Task requirements
Beginning with the line that holds "韦娜副书记宣读奖学金获奖决定" and ending with the last line below, please copy every line exactly, add nothing, and leave out the pictures.

Dataset items:
[Start of section]

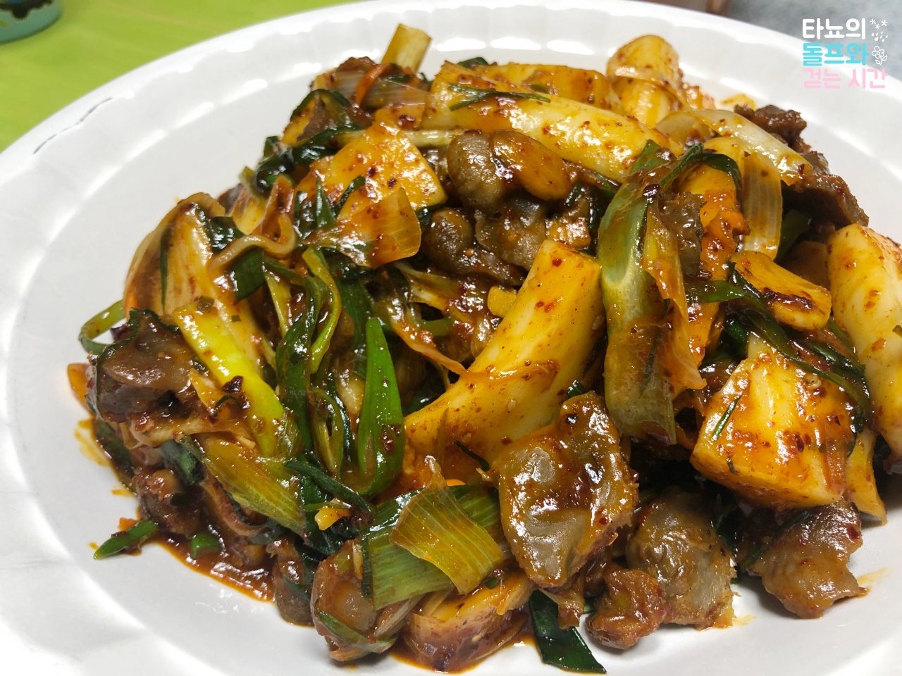 이미 배가 터질듯 불렀지만, 야식을 준비했습니다. 밤거리를 배회하다가 편의점에서 판매하는 냉동 똥집을 발견했거든요. 매운 양념을 만들어서 야채를 듬뿍 넣어서 볶았죠. 사실 한국에서 지냈던 6주 동안 거의 하루에 4끼를 먹었던 것 같아요. 아침, 점심, 저녁, 야식을 언제나 쉬지 않고 먹었었는데요. 아무래도 [ 이제 며칠 뒤면 떠나는데.. 언니와(가족들과) 야식 먹는 시간도 이제 못 가질 텐데...]라는 아쉬움이 매일 있다 보니 매일매일 더 열심히 야식을 먹었던 것 같아요. 그리고 저희는 아주 포동포동하게 살이 쪘습니다.
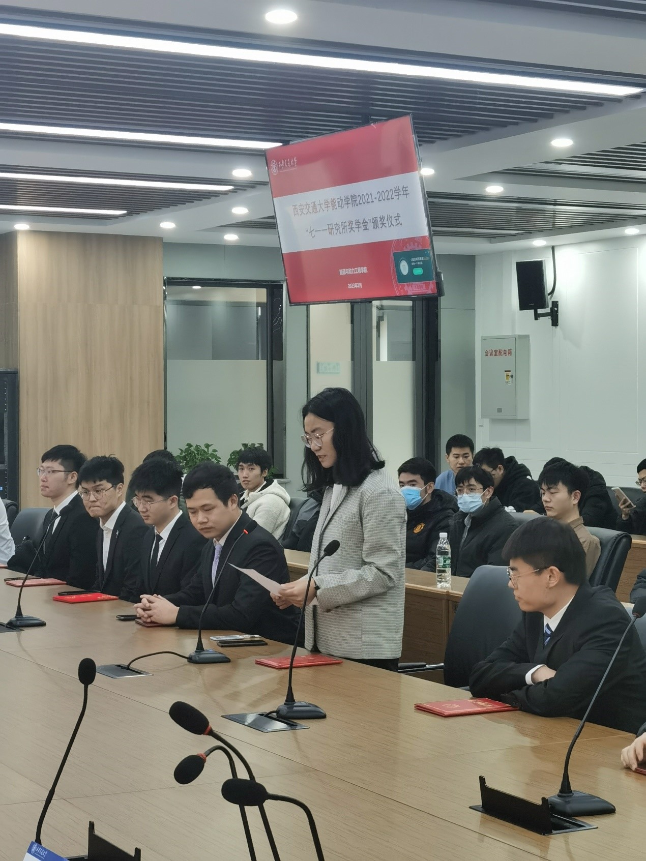 韦娜副书记宣读奖学金获奖决定。苏畅主任、何茂刚书记为获奖研究生颁奖。此次颁发的“七一一研究所奖学金”由10名品学兼优的交大学子获得,其中司机社
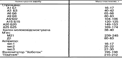 Спринцівки типу А та алони до спринцівок типу Б виготовляють з ПВХ пластизолю Рецептура якого наведена в наступних розділах. Наконечики виготовляються з поліетилену. З’єднання балона типу Б з наконечником повинно бути герметичним.
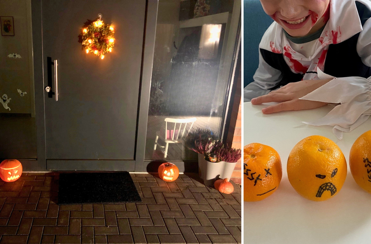 In die Süßigkeiten investiere ich ein paar Euros mehr, weil die ganz billigen Sachen einfach nicht schmecken und die Kleinen sich riesig freuen, wenn sie etwas Süßes großer Süßwarenmarken in ihre Sammeltüten packen können. Wenn etwas übrigbleibt, opfere ich mich selbstlos auf. Damit andere Kinder auch wissen, dass es bei uns etwas zu holen gibt, sieht unsere Halloween-Deko vor der Haustür folgendermaßen aus: Mandarinen, denen wir gruselige Gesichter mit einem wasserfesten Stift aufgemalt haben, ausgehöhlte Kürbisse mit Fratzen und Teelichtern darin, dazu noch weiße sowie rote Grabkerzen.
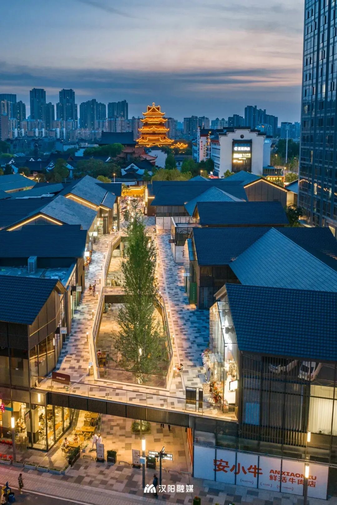 在远洋里商业街区二楼廊道,古今交融的景观成为镜头焦点。黛色陡檐与玻璃幕墙碰撞出“荆楚道古今”的建筑美学。

[End of section]

Output
 韦娜副书记宣读奖学金获奖决定。苏畅主任、何茂刚书记为获奖研究生颁奖。此次颁发的“七一一研究所奖学金”由10名品学兼优的交大学子获得,其中司机社
 Спринцівки типу А та алони до спринцівок типу Б виготовляють з ПВХ пластизолю Рецептура якого наведена в наступних розділах. Наконечики виготовляються з поліетилену. З’єднання балона типу Б з наконечником повинно бути герметичним.
 In die Süßigkeiten investiere ich ein paar Euros mehr, weil die ganz billigen Sachen einfach nicht schmecken und die Kleinen sich riesig freuen, wenn sie etwas Süßes großer Süßwarenmarken in ihre Sammeltüten packen können. Wenn etwas übrigbleibt, opfere ich mich selbstlos auf. Damit andere Kinder auch wissen, dass es bei uns etwas zu holen gibt, sieht unsere Halloween-Deko vor der Haustür folgendermaßen aus: Mandarinen, denen wir gruselige Gesichter mit einem wasserfesten Stift aufgemalt haben, ausgehöhlte Kürbisse mit Fratzen und Teelichtern darin, dazu noch weiße sowie rote Grabkerzen.
 在远洋里商业街区二楼廊道,古今交融的景观成为镜头焦点。黛色陡檐与玻璃幕墙碰撞出“荆楚道古今”的建筑美学。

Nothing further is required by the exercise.